__Goal of the exercise__. Every line below from the one with "子どもも大人も杵を持ち、臼に" through the one with "النَّبِيِّ - صَلَّى" is to be repeated exactly, with no picture among them.

__Dataset records__.
*** Block opens ***

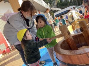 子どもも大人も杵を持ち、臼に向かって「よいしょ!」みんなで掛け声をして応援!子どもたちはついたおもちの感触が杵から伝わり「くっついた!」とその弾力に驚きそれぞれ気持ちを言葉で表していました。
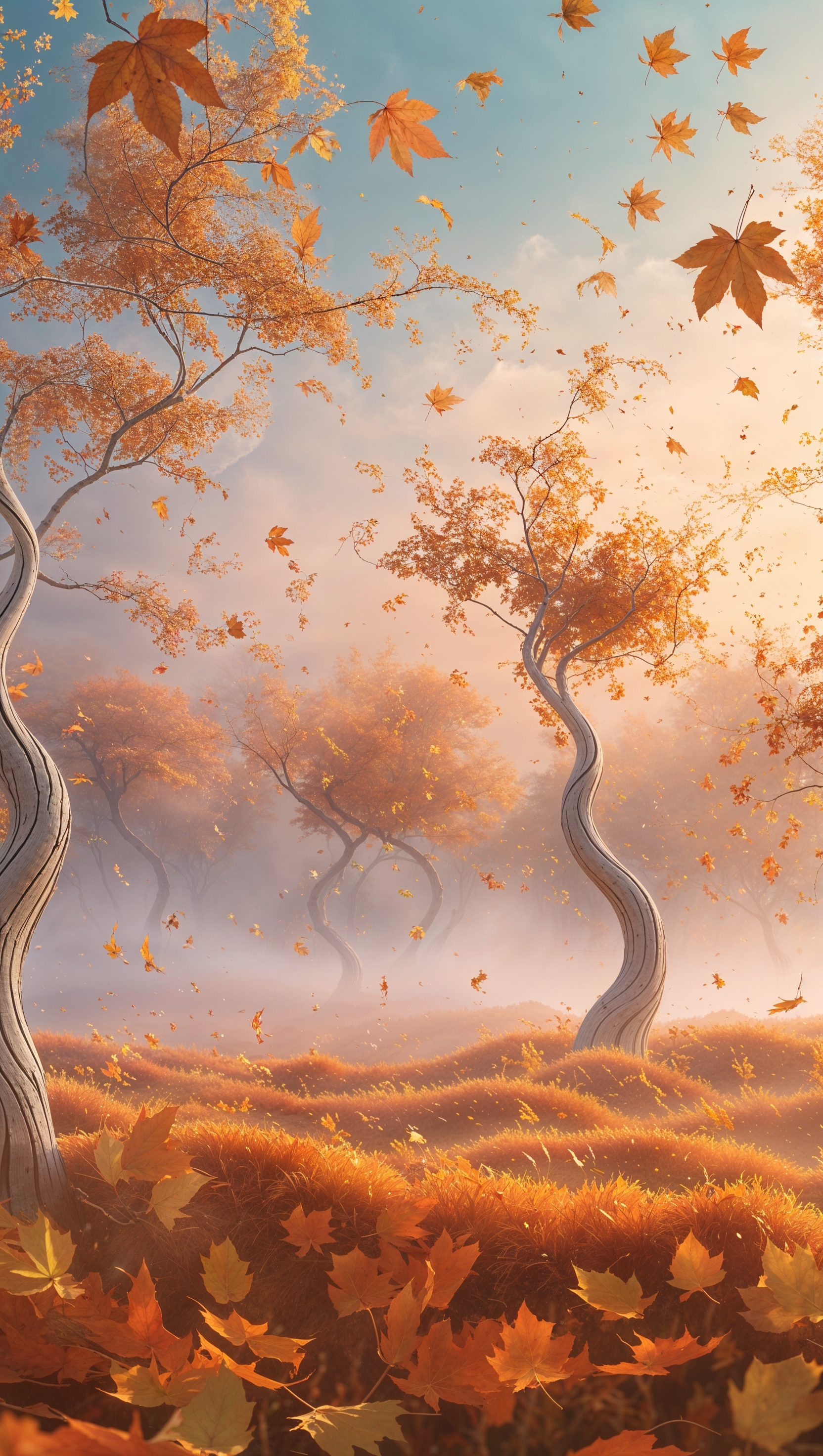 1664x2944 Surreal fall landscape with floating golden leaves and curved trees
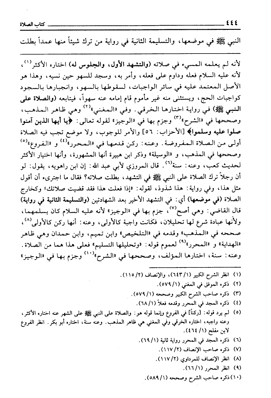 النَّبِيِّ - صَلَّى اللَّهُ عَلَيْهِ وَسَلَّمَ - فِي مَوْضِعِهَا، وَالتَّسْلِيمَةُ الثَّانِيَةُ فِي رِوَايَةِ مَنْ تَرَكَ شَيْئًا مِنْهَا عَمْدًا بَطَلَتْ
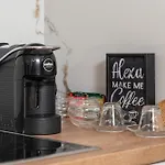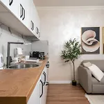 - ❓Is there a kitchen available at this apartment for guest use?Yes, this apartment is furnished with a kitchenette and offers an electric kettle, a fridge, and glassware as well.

*** Block closes ***
*** Block opens ***

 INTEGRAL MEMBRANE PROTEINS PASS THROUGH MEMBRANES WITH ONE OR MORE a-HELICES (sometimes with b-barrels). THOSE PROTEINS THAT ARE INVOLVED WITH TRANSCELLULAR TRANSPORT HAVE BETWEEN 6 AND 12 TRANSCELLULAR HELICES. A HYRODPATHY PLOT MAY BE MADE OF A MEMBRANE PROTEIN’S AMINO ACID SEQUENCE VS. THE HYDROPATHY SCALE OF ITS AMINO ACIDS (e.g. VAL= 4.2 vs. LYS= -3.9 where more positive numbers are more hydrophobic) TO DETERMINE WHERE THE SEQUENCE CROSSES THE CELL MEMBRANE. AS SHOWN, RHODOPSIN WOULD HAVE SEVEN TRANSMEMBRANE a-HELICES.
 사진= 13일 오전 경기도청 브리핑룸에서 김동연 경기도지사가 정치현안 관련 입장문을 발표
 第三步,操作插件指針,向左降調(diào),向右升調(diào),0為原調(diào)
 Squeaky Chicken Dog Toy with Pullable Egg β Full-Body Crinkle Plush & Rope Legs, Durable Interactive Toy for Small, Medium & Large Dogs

*** Block closes ***
*** Block opens ***

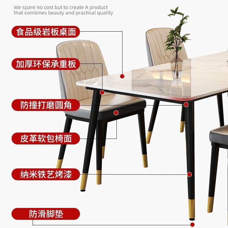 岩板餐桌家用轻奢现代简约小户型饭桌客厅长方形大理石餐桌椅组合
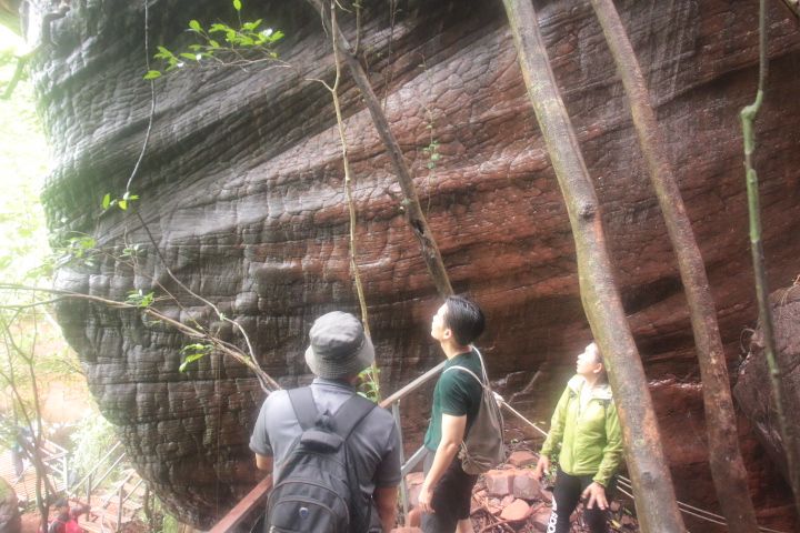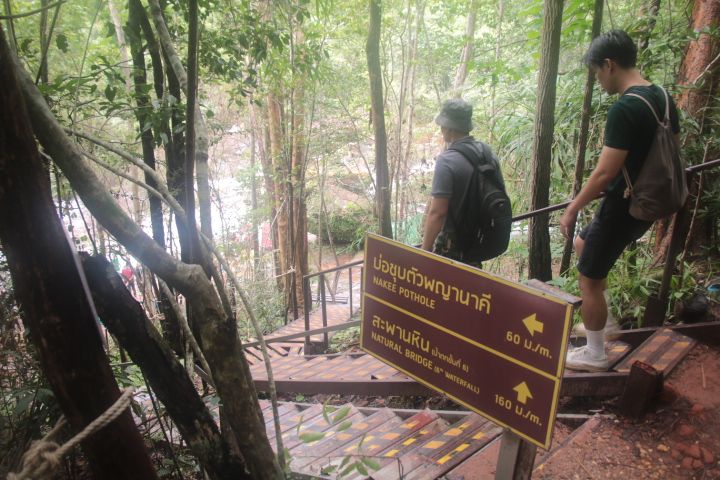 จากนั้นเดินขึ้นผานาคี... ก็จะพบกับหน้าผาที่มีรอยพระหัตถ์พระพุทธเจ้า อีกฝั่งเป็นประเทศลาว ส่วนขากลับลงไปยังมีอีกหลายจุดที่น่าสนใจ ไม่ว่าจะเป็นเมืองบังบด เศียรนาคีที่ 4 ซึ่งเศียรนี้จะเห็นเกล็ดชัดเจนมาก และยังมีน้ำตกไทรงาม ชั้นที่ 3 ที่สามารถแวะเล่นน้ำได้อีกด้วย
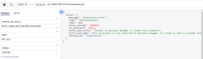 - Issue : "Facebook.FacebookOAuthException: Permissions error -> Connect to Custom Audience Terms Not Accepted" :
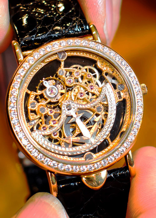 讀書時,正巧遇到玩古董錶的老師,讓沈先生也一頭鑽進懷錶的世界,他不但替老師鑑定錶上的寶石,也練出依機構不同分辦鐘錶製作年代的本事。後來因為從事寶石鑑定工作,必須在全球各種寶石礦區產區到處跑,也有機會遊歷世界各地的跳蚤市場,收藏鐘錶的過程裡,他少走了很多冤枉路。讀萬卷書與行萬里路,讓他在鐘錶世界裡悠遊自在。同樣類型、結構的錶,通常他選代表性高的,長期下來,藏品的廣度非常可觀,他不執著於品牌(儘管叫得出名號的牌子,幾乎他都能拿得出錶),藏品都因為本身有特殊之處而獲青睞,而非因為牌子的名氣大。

*** Block closes ***

__Answer section__.
 子どもも大人も杵を持ち、臼に向かって「よいしょ!」みんなで掛け声をして応援!子どもたちはついたおもちの感触が杵から伝わり「くっついた!」とその弾力に驚きそれぞれ気持ちを言葉で表していました。
 1664x2944 Surreal fall landscape with floating golden leaves and curved trees
 النَّبِيِّ - صَلَّى اللَّهُ عَلَيْهِ وَسَلَّمَ - فِي مَوْضِعِهَا، وَالتَّسْلِيمَةُ الثَّانِيَةُ فِي رِوَايَةِ مَنْ تَرَكَ شَيْئًا مِنْهَا عَمْدًا بَطَلَتْ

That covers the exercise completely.